What you should do: Go through the data below and copy it exactly, skipping every picture.

Materials provided:
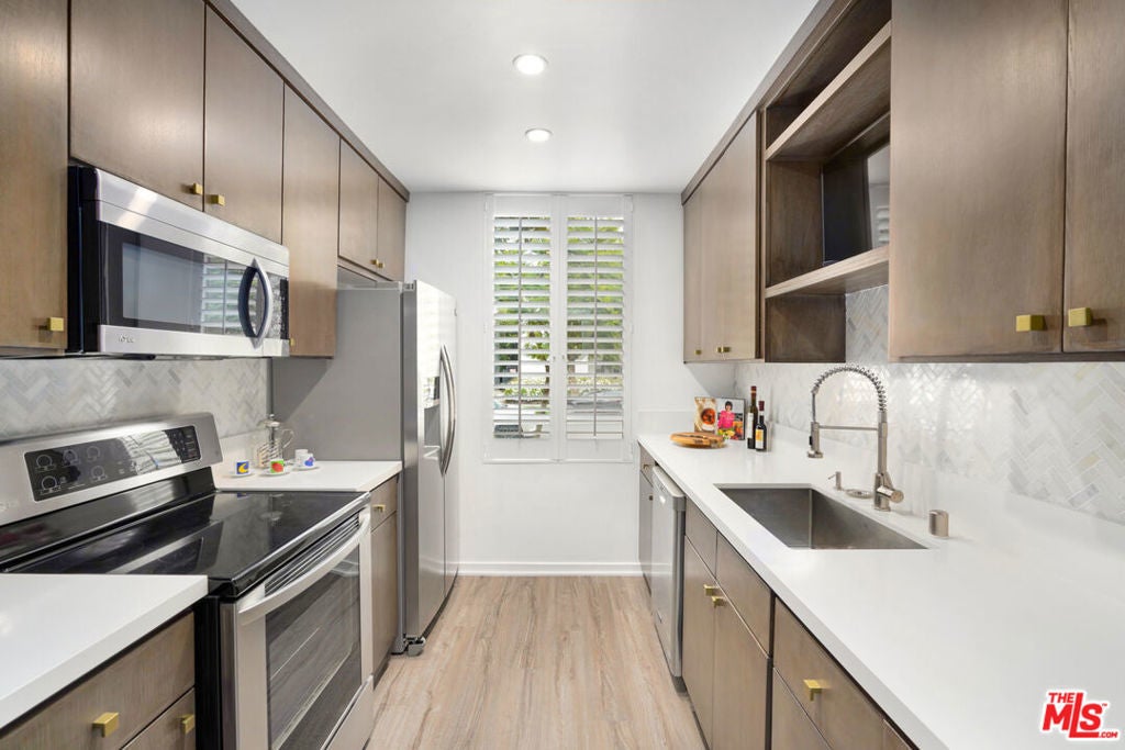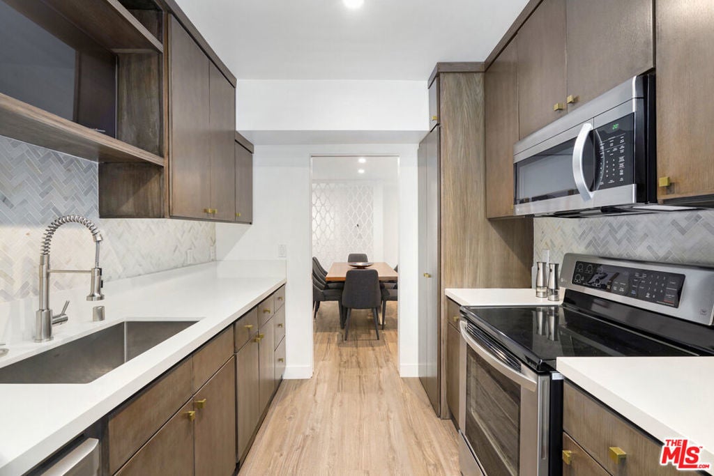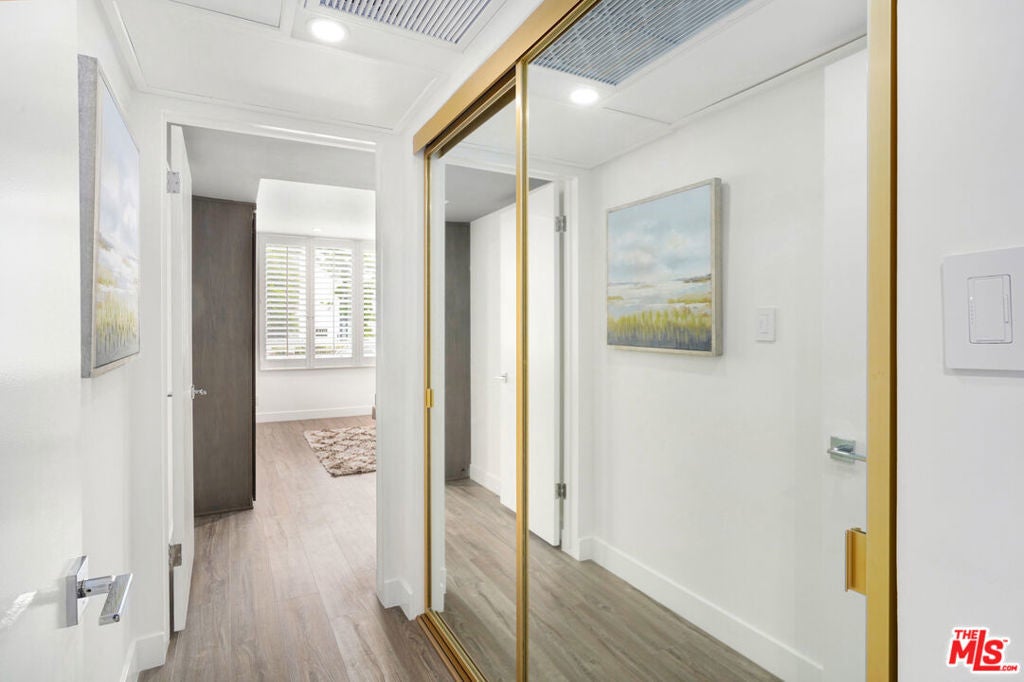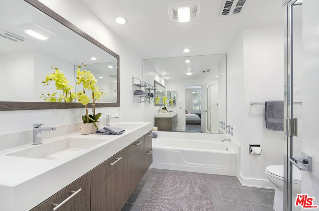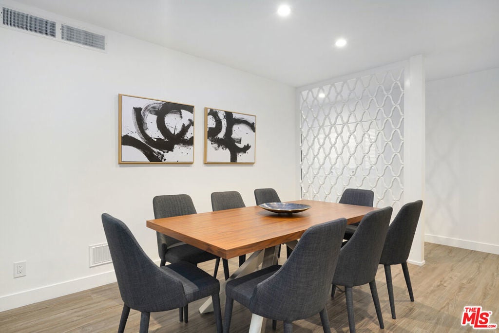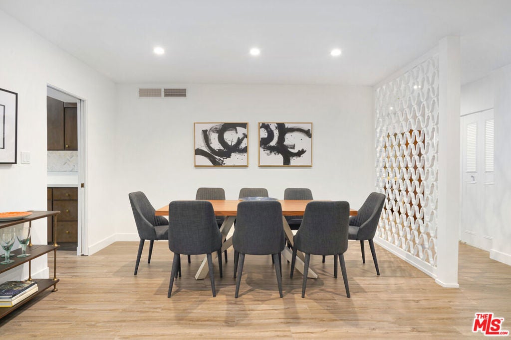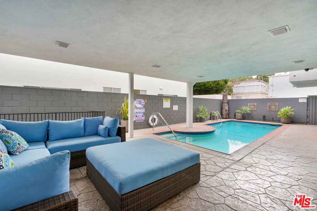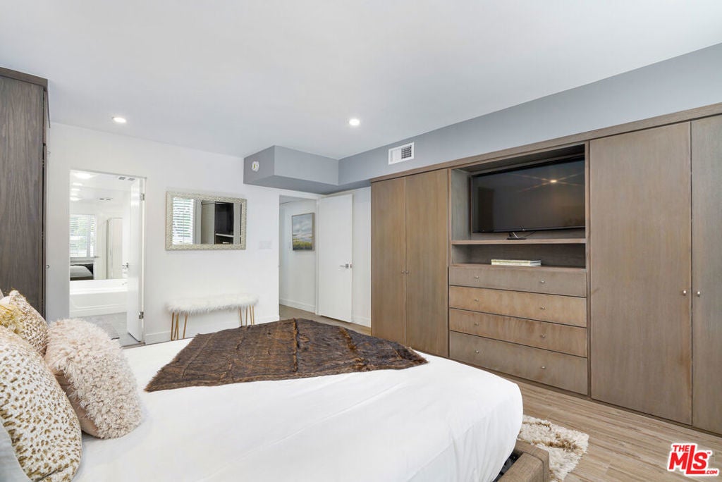 Discover a rare opportunity to reside on one of Beverly Hills' most coveted tree-lined streets within the prestigious Beverly Oakhurst Building, a classic mid-century modern concrete structure. This radiant, renovated corner unit enjoys the convenience of a first-floor location, offering an enriched entry through the elegantly remodeled lobby and sitting area. Upon entering, be greeted by newly installed designer vinyl hardwood plank floors that gracefully flow through the expansive open floor plan. The generously sized living room features a timeless brick fireplace with a gas starter, providing a warm and inviting focal point. Adjacent to the living room, a spacious bonus room/office, enclosed in glass, offers breathtaking views of the lush landscaping and canopies of mature trees that adorn the neighborhood.The chic floor plan is ideal for entertaining, complemented by an upgraded cook's kitchen and an adjoining spacious dining area. A private hallway leads to an exquisite master bedroom, adorned with designer detailed closets and an ensuite bathroom featuring dual sinks, a separate tub, and a shower, all adorned with sparkling tiles. Additionally, the unit boasts a designer detailed powder room (with optional add-ons) and a new in-unit washer & dryer. Further enhancing the lifestyle is the building's array of amenities, including convenient subterranean parking just off the elevator, a pristine heated pool with a surrounding paver-tiled sun deck, and electronic state-of-the-art security access and camera systems to ensure excellent security. The building's prime location provides quick access to upscale grocery stores, restaurants, shops, the post office, and downtown Beverly Hills and West Hollywood. For added convenience, designer furniture is available separately, offering a full turnkey opportunity for the discerning buyer.
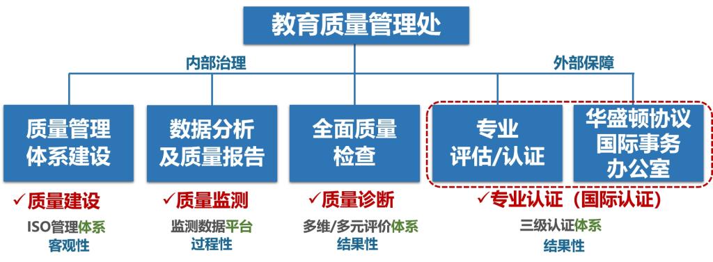 2022年3月天津大學成立教育質量管理處(簡稱質管處),深入推進教育領域管辦評分離。質管處是負責學校教育質量管理與質量保障工作的職能部門,系統開展質量管理、數據監測、評價診斷與認證評估等工作。
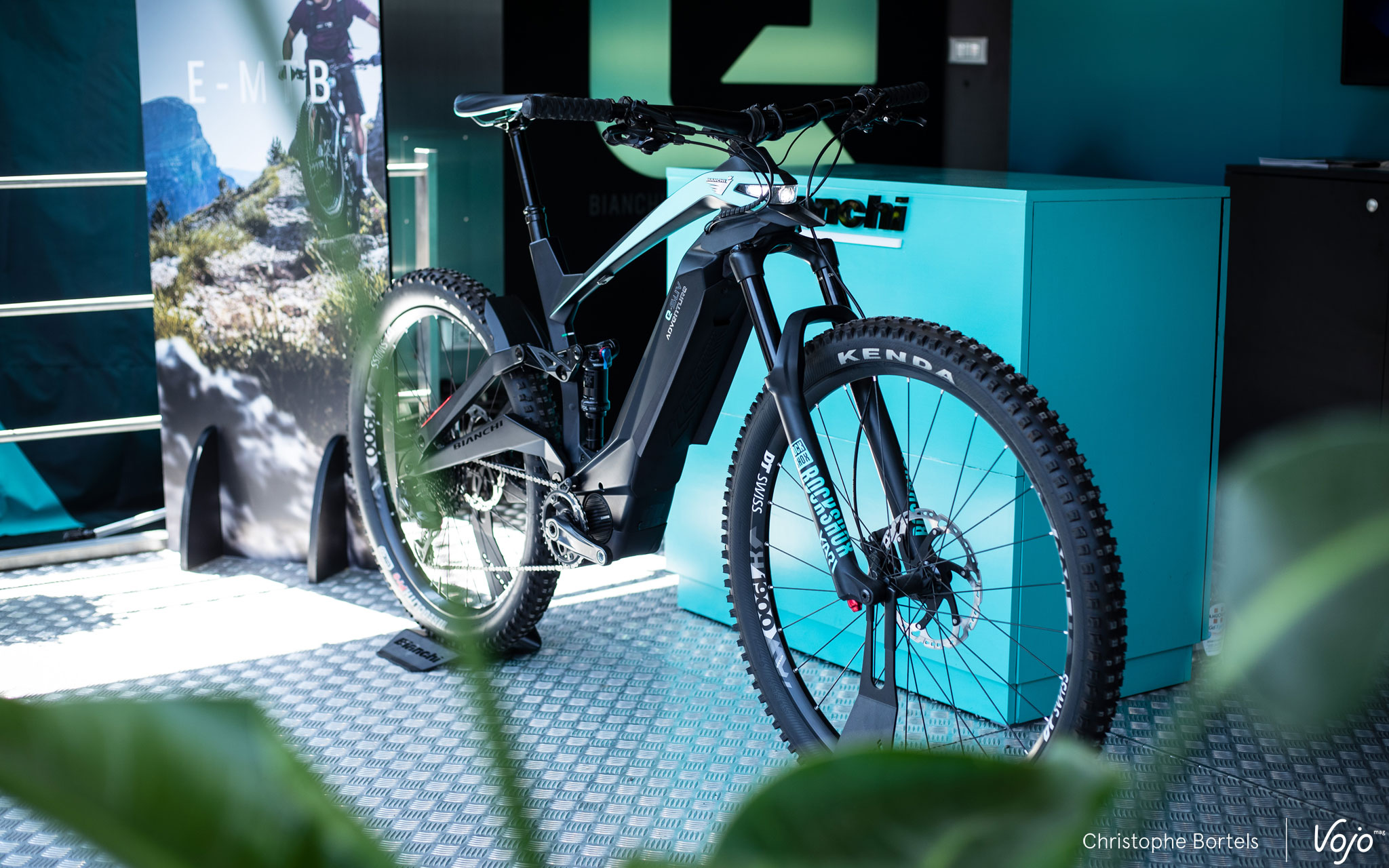 Passage obligatoire par le stand du constructeur allemand Alutech, où on pouvait notamment admirer le Fanes, leur modèle enduro, ici décliné en mulet et équipé de suspensions Intend.
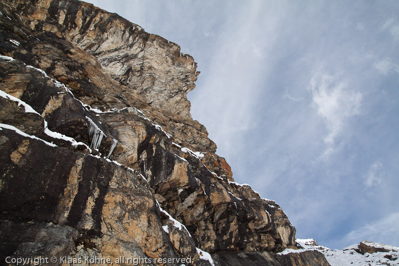 Hoffentlich kommt von diesen "getigerten Wänden" nichts runter, dicke Eiszapfen zum Beispiel...
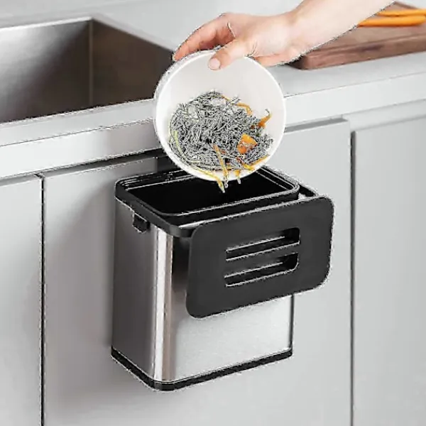 Ren: den rostfria behållaren (hängande) för kompost ger dig en praktisk och ren hjälp vid matlagning. Denna passar dörrar eller lådor upp till 2,7 cm breda. Med praktiskt lock och handtag.

Exercise output:
 Discover a rare opportunity to reside on one of Beverly Hills' most coveted tree-lined streets within the prestigious Beverly Oakhurst Building, a classic mid-century modern concrete structure. This radiant, renovated corner unit enjoys the convenience of a first-floor location, offering an enriched entry through the elegantly remodeled lobby and sitting area. Upon entering, be greeted by newly installed designer vinyl hardwood plank floors that gracefully flow through the expansive open floor plan. The generously sized living room features a timeless brick fireplace with a gas starter, providing a warm and inviting focal point. Adjacent to the living room, a spacious bonus room/office, enclosed in glass, offers breathtaking views of the lush landscaping and canopies of mature trees that adorn the neighborhood.The chic floor plan is ideal for entertaining, complemented by an upgraded cook's kitchen and an adjoining spacious dining area. A private hallway leads to an exquisite master bedroom, adorned with designer detailed closets and an ensuite bathroom featuring dual sinks, a separate tub, and a shower, all adorned with sparkling tiles. Additionally, the unit boasts a designer detailed powder room (with optional add-ons) and a new in-unit washer & dryer. Further enhancing the lifestyle is the building's array of amenities, including convenient subterranean parking just off the elevator, a pristine heated pool with a surrounding paver-tiled sun deck, and electronic state-of-the-art security access and camera systems to ensure excellent security. The building's prime location provides quick access to upscale grocery stores, restaurants, shops, the post office, and downtown Beverly Hills and West Hollywood. For added convenience, designer furniture is available separately, offering a full turnkey opportunity for the discerning buyer.
 2022年3月天津大學成立教育質量管理處(簡稱質管處),深入推進教育領域管辦評分離。質管處是負責學校教育質量管理與質量保障工作的職能部門,系統開展質量管理、數據監測、評價診斷與認證評估等工作。
 Passage obligatoire par le stand du constructeur allemand Alutech, où on pouvait notamment admirer le Fanes, leur modèle enduro, ici décliné en mulet et équipé de suspensions Intend.
 Hoffentlich kommt von diesen "getigerten Wänden" nichts runter, dicke Eiszapfen zum Beispiel...
 Ren: den rostfria behållaren (hängande) för kompost ger dig en praktisk och ren hjälp vid matlagning. Denna passar dörrar eller lådor upp till 2,7 cm breda. Med praktiskt lock och handtag.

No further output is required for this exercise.